The Peel Society, based at Tamworth in Staffordshire and now in its 35th year, promotes interest in, and fuller understanding of, the career of Sir Robert Peel, who founded the modern Conservative Party. On June 8 it held its third history fair at Middleton Hall, which is close to Peel’s former country home, Drayton Manor, outside Tamworth (where Peel issued the first ever election manifesto).
The fair was attended by members of the Peel Society and other groups and societies in the area with historical interests. The Polesworth History Group, for example, displayed the information it has gathered on all those from the village who served in the First World War. Another stand had a remarkable collection of medals awarded to companions of Lawrence of Arabia during the Hejaz campaign.
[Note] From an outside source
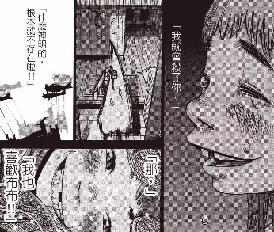 漫畫家淺野一二〇的《DEDEDEDE 惡魔的破壞》最近搬上大銀幕,不過說到更深刻作品是《晚安布布》。主角布布在小學遇上家庭破裂,同時間被插班生愛子所吸引,卻被告訴要私奔,否則奪去他的性命。布布被愛慾、家人、信仰的旋渦拉扯,在成長的不安及痛苦中描繪自己;簡潔而短促的名字,卻是抑鬱的極致。

Opening the fair, Alistair Lexden underlined the value of the occasion in bringing together enthusiasts working on various aspects of the past in Staffordshire. Later he gave an address on the greatness of Sir Robert Peel.
He emphasised the skill with which Peel modernised institutions of Church and State, the immense ability he brought to the conduct of national affairs during his government of 1841-6 (in which five former or future prime ministers served), the unprecedented efforts which he made to conciliate Catholic Ireland in the 1840s, and above all his work to secure greater social cohesion, particularly through his tax policies which helped lift thousands out of poverty by freeing so many of the necessities of life from duty (especially food through the repeal of the Corn Laws) and the introduction of income tax on the better off as a permanent feature of peace-time fiscal policy.